Modeling My Book Covers

I’m probably the only Sci-Fi author that builds models of the starships in his novels and then uses them on his own book covers. In this fashion I combine two of my favorite lifelong hobbies — modeling and writing.

I started building models a few years before I started writing stories but ever since my early teen years, they have been forever linked. My two best friends in Junior High School and I started a film production company we called HMH Productions, using the first letter of each of our last names. Under this guise we churned out dozens of short 8 mm silent films using our modeling skills and our love of movies like Star Wars.

My first written fiction was a series of short stories about a freighter captain and his brushes with the intergalactic law. Our triumphant short film, Renegade, was a nearly ten minute live action Sc-Fi opus with some pretty impressive forced perspective model scenes in it.

The Renoke, a cardboard model from my youth.

We built our models for that film out of posterboard and detailed them with bits of models we had built as kids. Not unlike the way they did it in Hollywood. Which is what we all saw ourselves doing after we grew up. I was firmly going to be the next George Lucas and I would hire my friends to make the next generation of Sci-Fi films based on our childhood stories. Well that didn’t exactly pan out.

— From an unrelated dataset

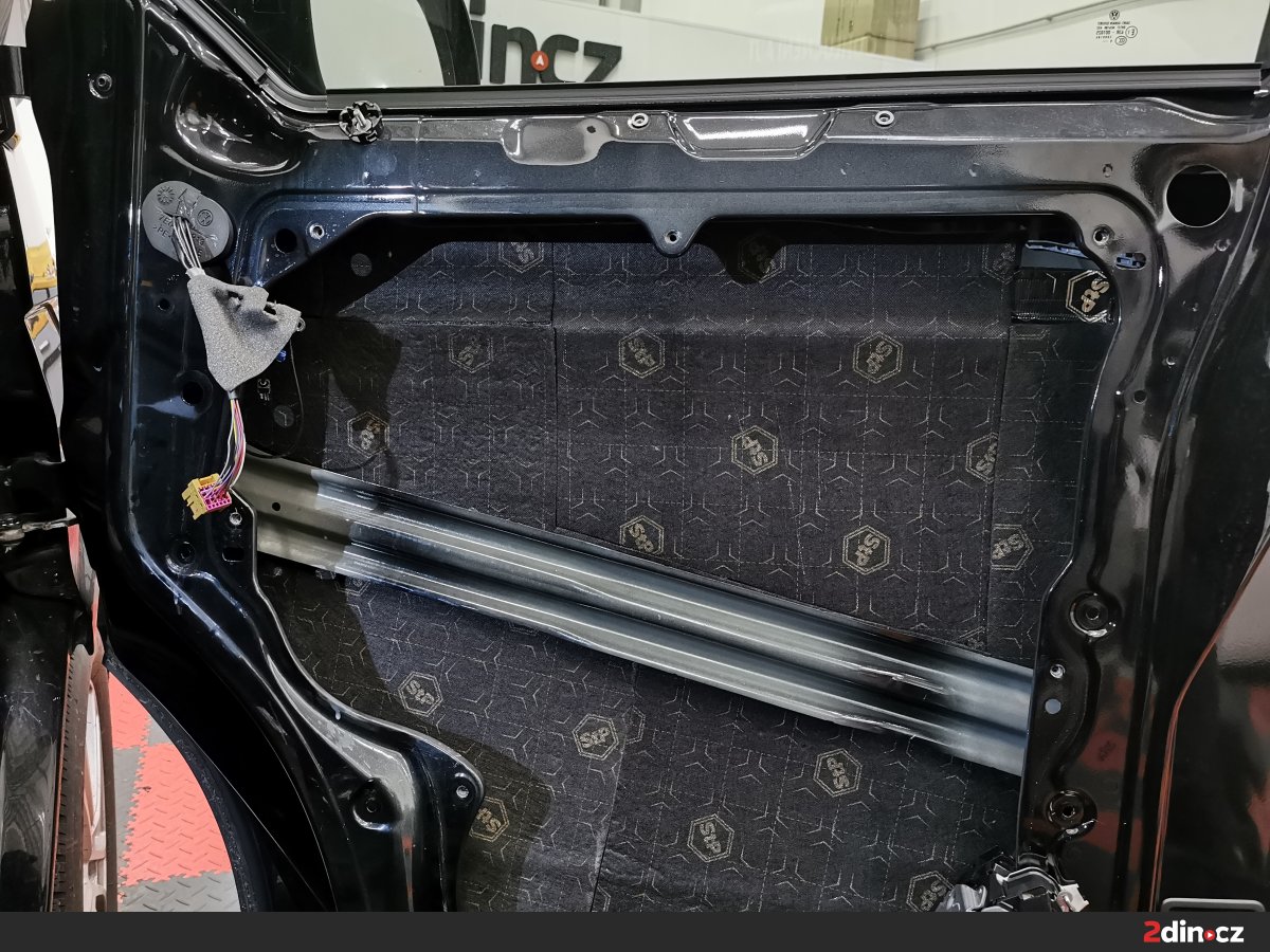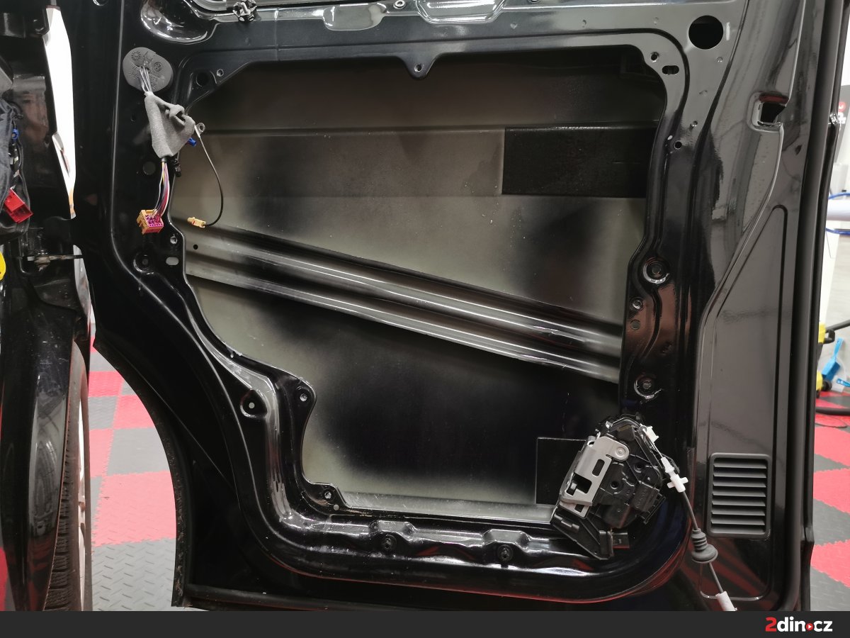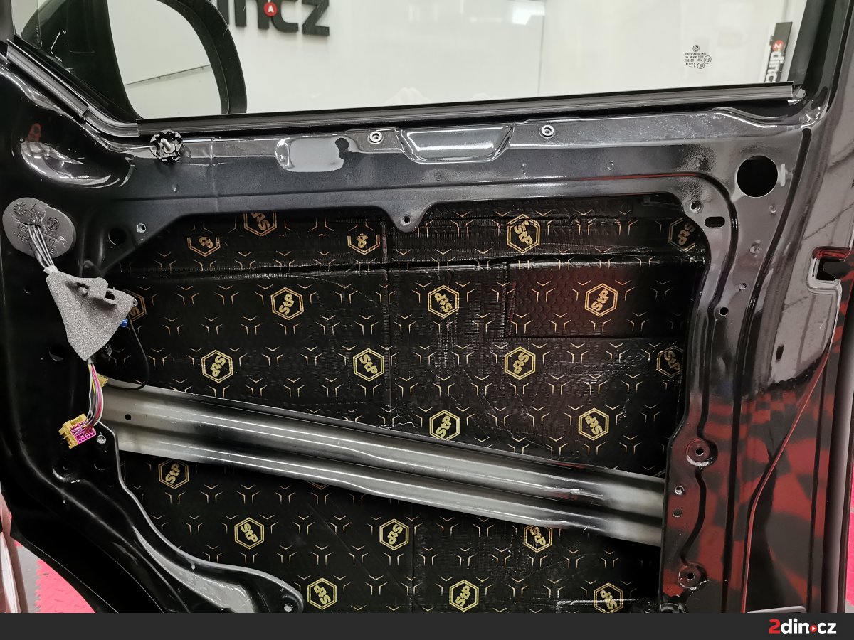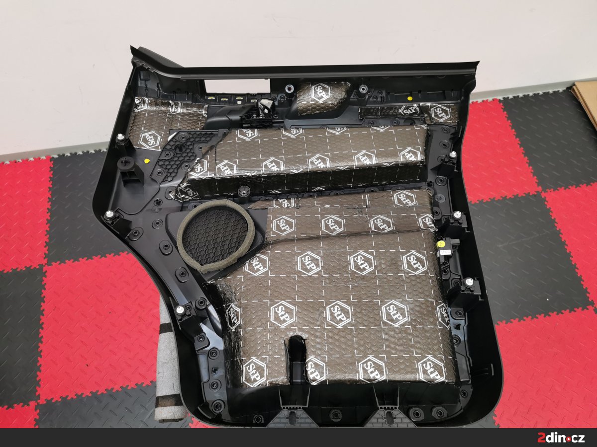 Prvním krokem bylo důkladné odhlučnění předních a zadních dveří, což je klíčový prvek pro kvalitní zvukový výkon reproduktorů. Použili jsme kombinaci antivibračních materiálů STP Black Silver a STP Black Gold Camo, které jsme aplikovali na vnitřní a vnější plechy dveří pro eliminaci rezonancí a zpevnění konstrukce. Pro finální úpravu jsme přidali protihlukový materiál STP Sonora, který pomáhá výrazně snížit pronikání hluku zvenčí do kabiny a zlepšuje celkovou akustiku. Díky tomuto řešení hraje audio systém čistěji a s větší dynamikou i při nižších hlasitostech.

But the stories lingered on in my mind and in several binders full of hand written and typed pages. Nearly twenty years later, bored out of mind on temporary duty to the Middle East, I began to write my first novel based on those early stories. This was long before the self publishing phenomena hit and before Kindles made electronic books possible by anyone.

After finishing the novel I tried for a few years to get an agent but none were interested. So I put it in a drawer and finished my military enlistment. My interest in modeling had also been largely dormant during that period of my life. Eventually I got married and settled into family life. Soon I was writing stories again and building models of the ships in my stories.

This time around I had some money to invest and built my models the same way they used to do it in Hollywood, back in the seventies. With wood and metal mounts and sheets of plastic. The models were indistinguishable from the ones in the Star Wars movies. Eventually I even included fiber optic lights.

The new Renoke model, complete with lights.

My novel writing accelerated during this same period. I wrote ten novels in the last eight years and started to publish them myself. The first batch of ebooks I released only featured my models on the backs of the paperback versions. But in the past year I’ve started to redo their covers featuring all the models I’ve built. Merging my two hobbies into one unique product and recapturing the fun and excitement that my friends and I had when we were kids.

Sure, the stories are more involved now, and my modeling skills have greatly improved, but I’m still doing what I’ve always loved doing, and I’m having a great time with it. Building detailed models and writing imaginative stories inspired by the films and novels of my past. I never became a Hollywood director, but my stories are reaching a growing audience and my models are helping to visualize them along the way.